INFORMATION SHOWN Block Start
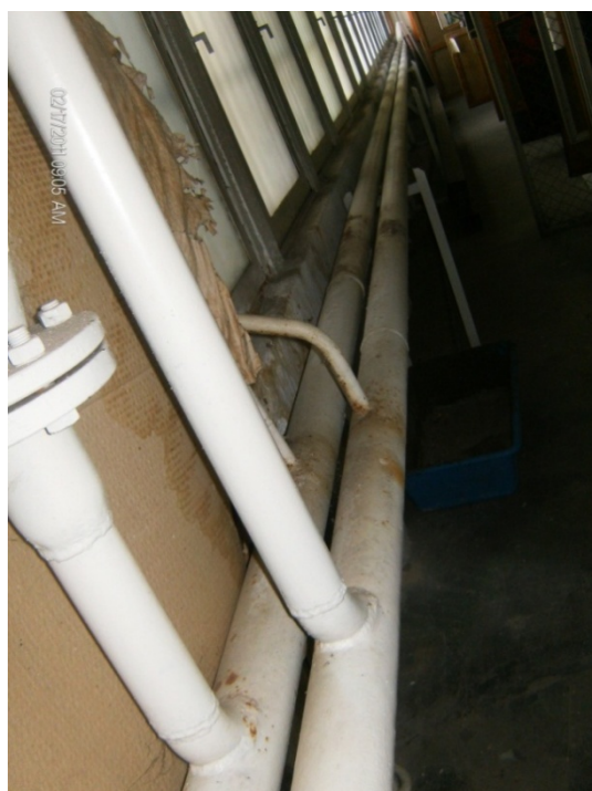
Водоводни, канализациски и цевки од парно затоплување

За да се одговори на поставените прашања доволно е да се погледнат приложените фотографии во депоа на некои музеите на Македонија.
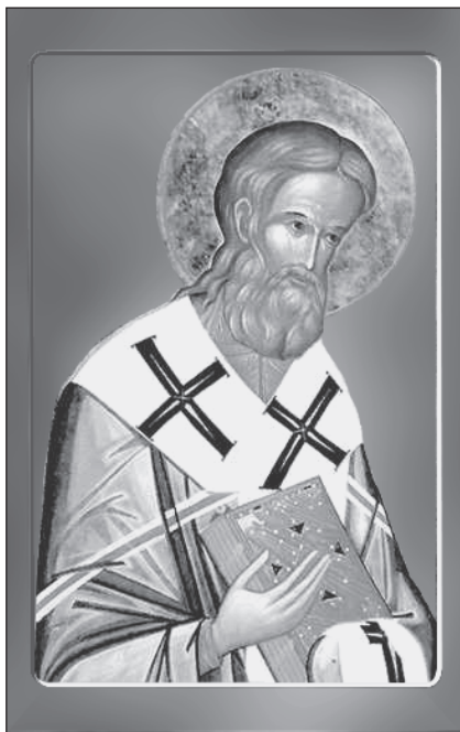
Святитель Филарет (Дроздов). Икона конца XIX в.

Святой апостол Матфей, из числа 12 апостолов, был мытарем — сборщиком податей для Рима среди иудеев. Услышав призыв Христа: «Иди за Мною», последовал за Спасителем, стал свидетелем Его чудес, Крестной смерти и Воскресения. После Пятидесятницы проповедовал в Палестине, Сирии, Персии и других странах, закончил проповеднические труды мученической кончиной в Эфиопии. Автор Евангелия от Матфея — богодухновенного повествования о земной жизни и учении Иисуса Христа.
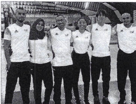
La compétition a été trop relevée pour les pongistes
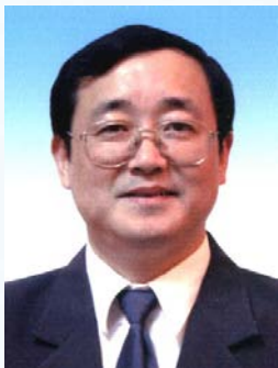
05 蔡跃波 水利部大坝安全管理中心副主任
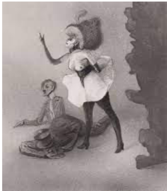
Bild 9. Alfred Kubin, Das Couplet, Feder und Tusche, 25 x 21,7 cm, Feder und Tusche, Bleistift auf Papier, Standort und Jahr unbekannt.
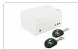
Centralki z pilotami
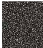
983 IRON ORE
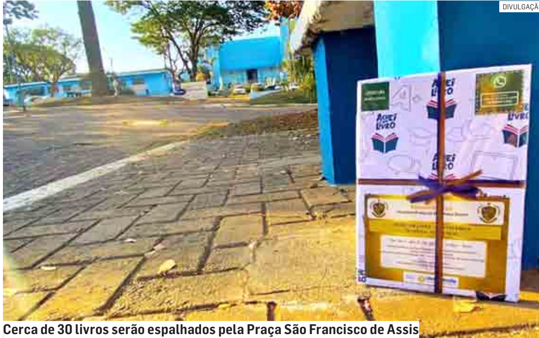
Cerca de 30 livros serão espalhados pela Praça São Francisco de Assis

Os livros estarão em embrulho de presente com identificação da Biblioteca Municipal. Cada embrulho terá um adesivo que informa qual é o gênero do livro. As peças serão deixadas em locais públicos, como bancos, mesas e árvores.
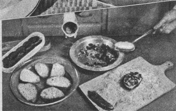
Reiche Ritter bekommen eine Füllung von gekochten Datteln, Rosinen und geriebenen Nüssen
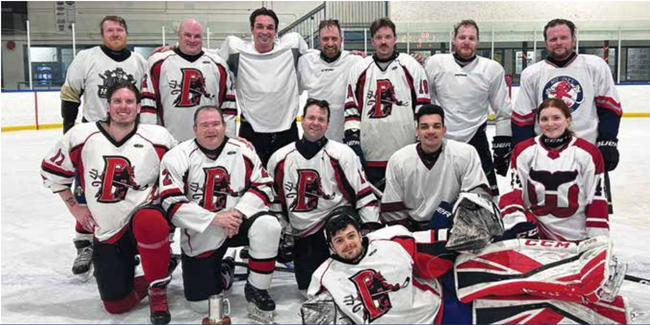
407 Sqn - 19 Wing Hockey League Pool B winners - 5-1 over the RCMP | 407 e Esc - vainqueur de la poule B de la Ligue de hockey de la 19 e Escadre – victoire de 5 à 1 contre la GRC.
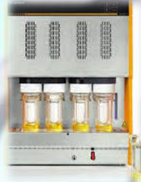
Análisis de proteína en muestras sólidas y líquidas
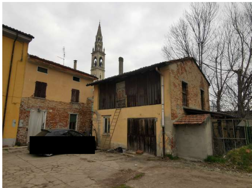
FOTO 12. vista comparto immobiliare -
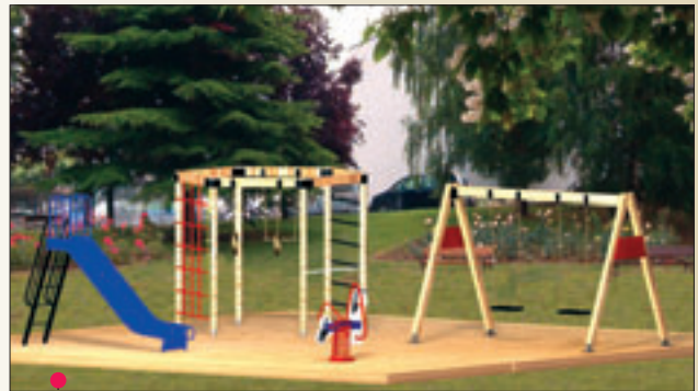
PROYECTO 4: 9 \times 10 = 90 \text{ m}^2 (Ref. 122 - Ref. 350 - Ref. 309 - Ref. 327)
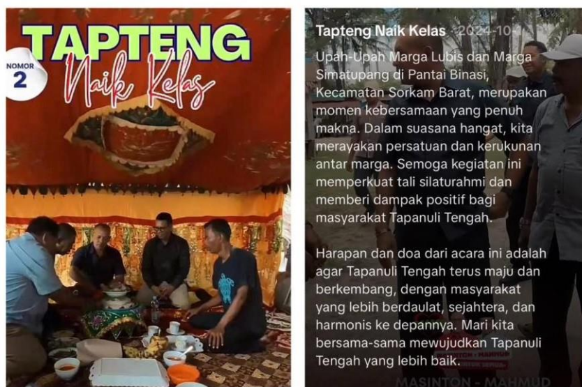
Gambar 1.3 "Upah-Upah" Marga Lubis dan Marga Simatupang
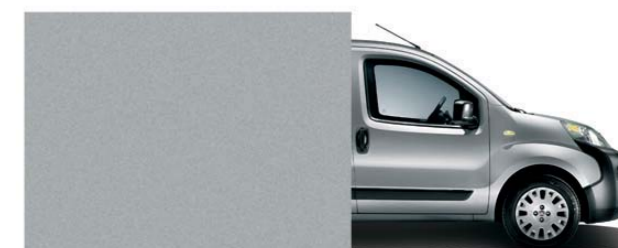
612 Gris clair
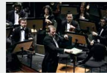
8 Δεκεμβρίου 2006_Ο Maxim Shostakovich διευθύνει την ΚΟΘ σε έργα του πατέρα του
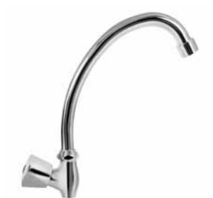
8005 - Slavina za hladnu vodu STH, keramička virbla
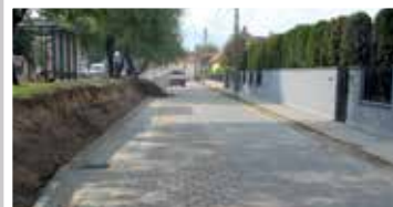
Bányatelepi szervízút mellett (2018)
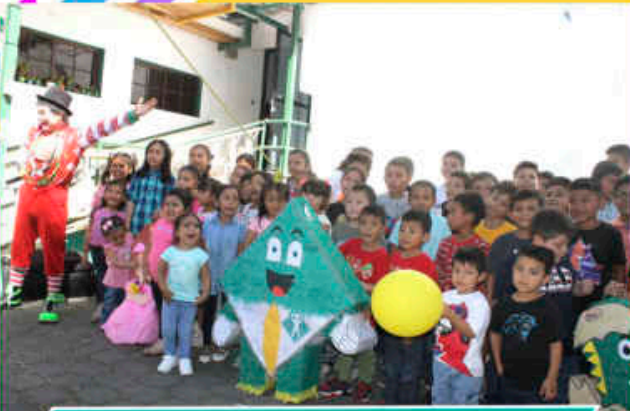
Fiesta Navideña Infantil 2024 Agencia Sonsonate
INFORMATION SHOWN Block End
TASK DIRECTIONS: Find the string "serão" in the data. Report each line it appears in.

SOLUTION TO THIS TASK:
Cerca de 30 livros serão espalhados pela Praça São Francisco de Assis
Os livros estarão em embrulho de presente com identificação da Biblioteca Municipal. Cada embrulho terá um adesivo que informa qual é o gênero do livro. As peças serão deixadas em locais públicos, como bancos, mesas e árvores.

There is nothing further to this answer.